Optimize productivity in fractured wells with integrated modeling, monitoring, and control.
Hydraulic fracturing stimulations of unconventional reservoirs inevitably result in the production of large volumes of water during the flowback process, which is composed of a mixture of the stimulation fluid and connate water. Produced waters may be present in the flowback process if formation water is mobile. Detailed chemical analysis of these fluids can help identify what formations have been contacted by the stimulated fracture network as well as any problematic processes that may be occurring, including scaling.
Hydrocarbon-bearing formations and their bounding units rarely share the same geochemical fingerprint, and their uniqueness typically can be identified through the sampling and analysis of produced water. For this reason, hydraulic fracturing treatments that are initiated from different landing points often exhibit geochemical fingerprint contrasts because of their individual fracture geometries and resulting reservoir contact area. Thus, the analysis of produced water over time can be helpful when poststimulation fracture geometry is either unknown or could potentially change during production.
Lonestar Resources, Ltd., planned to stimulate three wells in the Eagle Ford Shale. This play contains at least two major subunits, each with its own geochemical fingerprint reflecting their different depositional environments. Wells 1 and 2 were landed in a lower section of the Eagle Ford reservoir to target its high total organic carbon (TOC), whereas Well 3 was landed in an upper section of the reservoir with slightly lower TOC.
Schlumberger worked with Lonestar to design a monitoring strategy, which would be conducted using the AvantGuard Observe flowback transient monitoring and analysis component of AvantGuard services. Sampling and analyzing flowback would help identify fracture propagation and containment as well as determine the possibility of scaling.
A number of ionic species were analyzed in the produced waters from all three wells to target these differences, including molybdenum content.
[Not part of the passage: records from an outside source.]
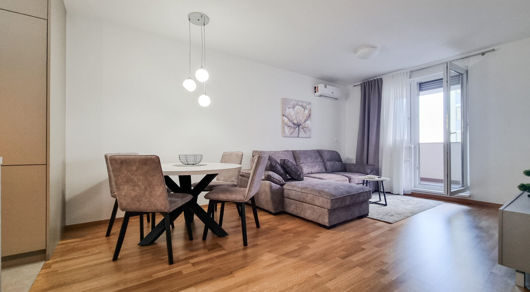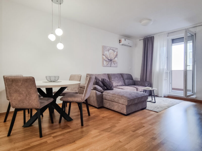 Sastoji se od ulaznog hodnika, kupaonice, prostranog dnevnog boravka s blagovaonicom, izdvojene kuhinje rađene po mjeri, spavaće sobe te lođe.
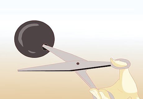 Stick one end of the scissors into the hole in the ball knob, twisting it to shave the inside until to hole is large enough for the dowel to fit into it snugly.
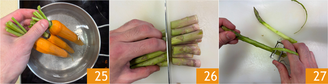 Kochen Sie die Karotten etwa 10 Minuten in Salzwasser 25. Jetzt kümmern Sie sich um das Wie man Spargel putzt: Entfernen Sie den holzigeren Teil 26, schälen Sie die Stängel 27 und lassen Sie die Spitzen intakt.
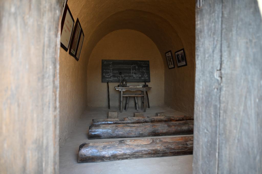 延安清凉山气象训练队旧址复原的学员教室。新华社记者 邹竞一 摄
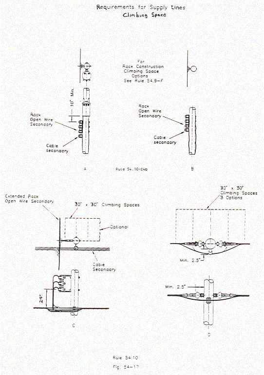 conductor levels in accordance with climbing space requirements in Rules 54.7,
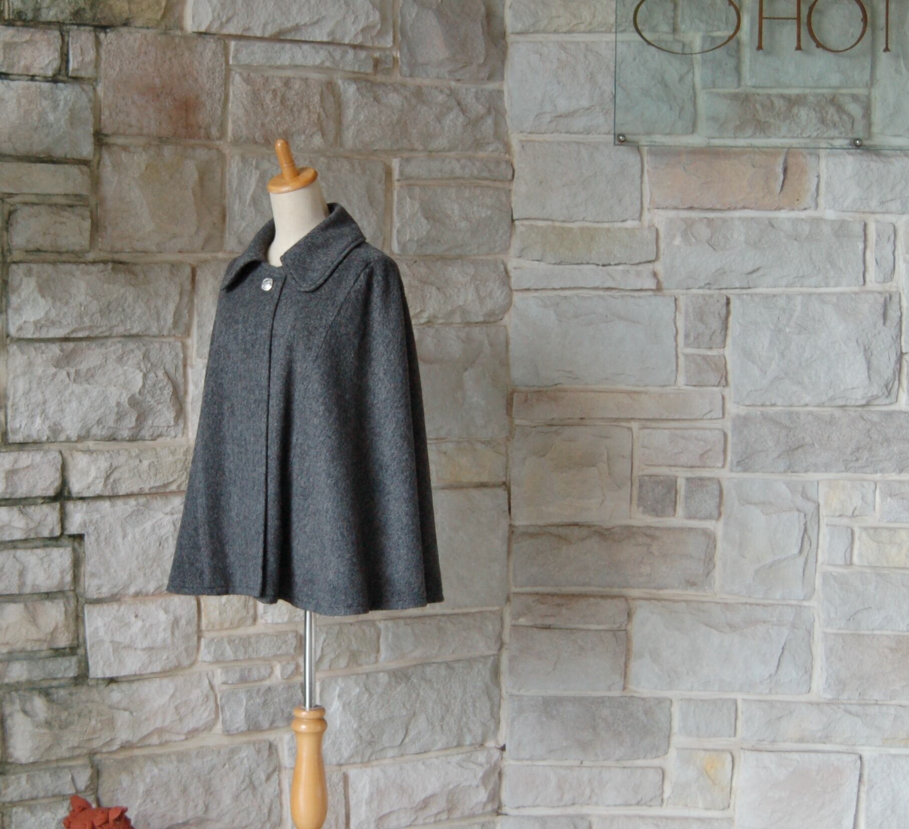 【 エレガント ケープ コート 】落ち着きある使いやすいグレー シルバーの彫りの施されたボタン
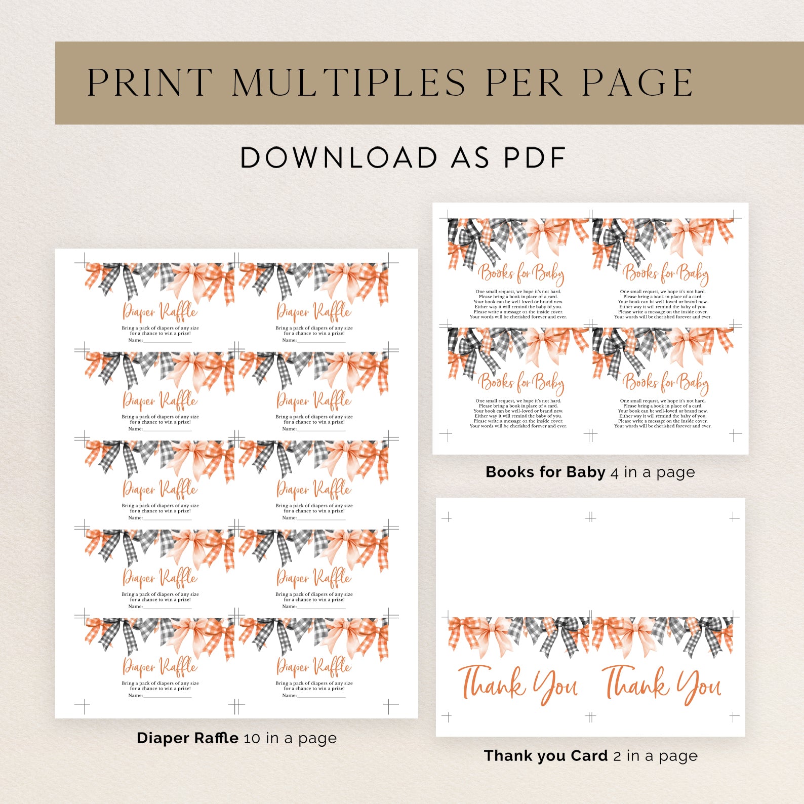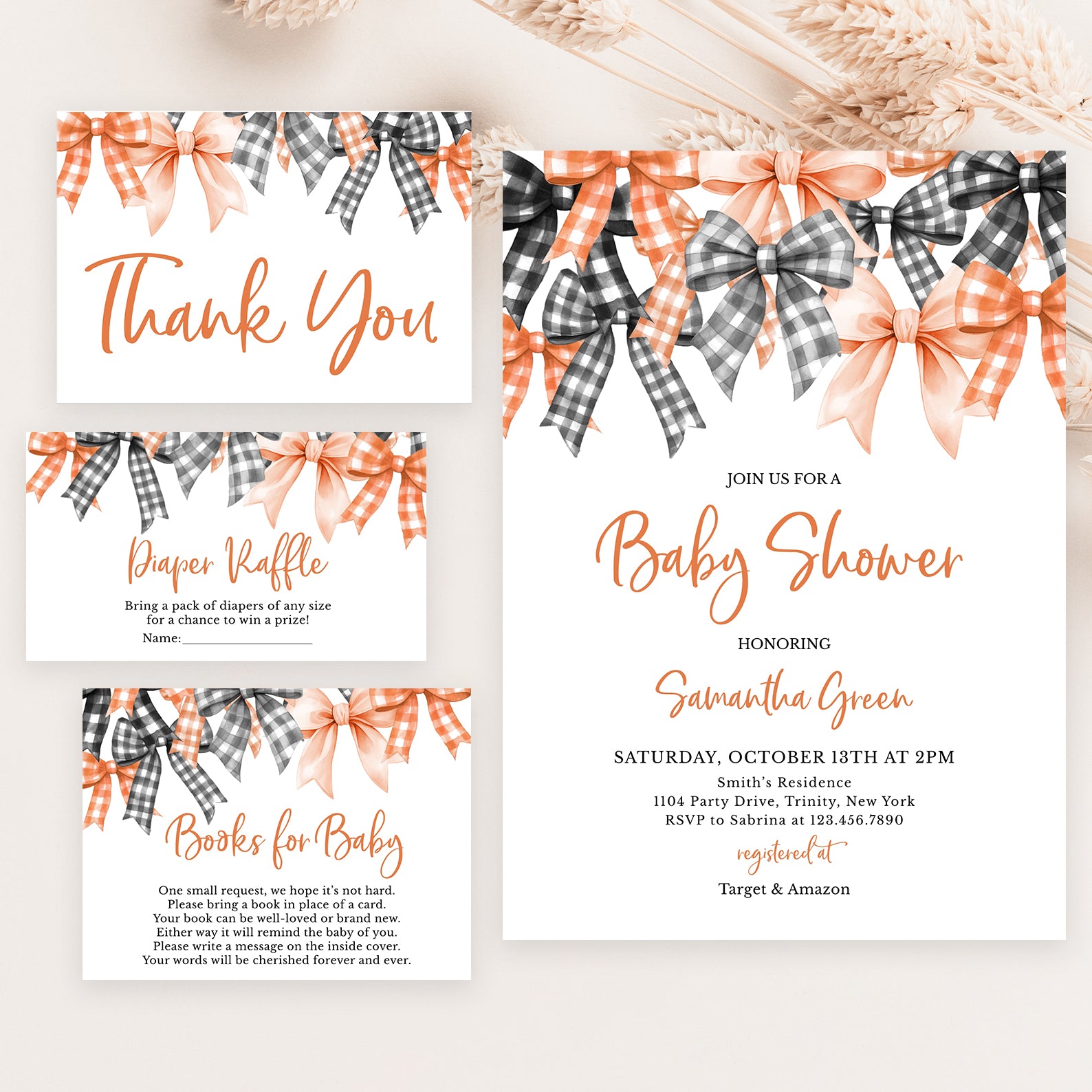 Celebrate your baby shower in style with this orange and black invitation bundle! Featuring classic bow ribbons in plain and plaid patterns, this set includes a digital invite, mobile version, diaper raffle card, books for baby card, and a thank you card everything you need for a cohesive and charming celebration.

Molybdenum is a widely used proxy for anoxic depositional environments and has been shown to be enriched in the lower Eagle Ford.
It was determined that the geochemical fingerprint during the flowback period of all three wells was similar, indicating that the fractures contacted the same formations and were most likely bound by the upper Austin Chalk Formation and the lower Buda Limestone. The chemical similarity also suggests the absence of a potential pinch point that could have isolated the upper and lower Eagle Ford units from each other. These findings indicate that the early production from the wells is independent of landing point in the formation.
In addition to evaluating the chemical similarities across the three wells, the flowback water chemistry was used to determine the types and prevalence of chemical scale formation. A total of 18 samples were collected and analyzed throughout the flowback period of the wells, and the types and quantities of chemical scales were modeled as a function of the pressure and temperature experienced by the fluids during production from bottomhole to surface.
The AvantGuard services monitoring strategy resulted in the conclusion that only a few types of chemical scale were predicted to form—calcium carbonate (CaCO3), barium sulfate (BaSO4), and iron carbonate (FeCO3). Furthermore, because the quantities predicted from these studies are minor, it was determined that scale inhibitors are not necessary for maintaining production. This confirmed that the scale management strategy used by Lonestar is ideal for the region and keeps chemical costs low. Monitoring of the produced fluids will continue to provide early warning if chemical scaling becomes problematic at later production times.
Challenge: Determine if three wells that were landed and stimulated at different depths in the Eagle Ford Shale are in sections with the same bounding units because rock-fluid interaction can lead to the formation of chemical scale.
Solution: Employ AvantGuard advanced flowback services to sample and analyze flowback for determining geochemical similarities and differences to indicate fracture placement and if ions that cause chemical scale are present.
Result: Determined that all three wells are in sections with the same bounding units and that the severity of chemical scale potential is minor, making the addition of scale inhibitor unnecessary.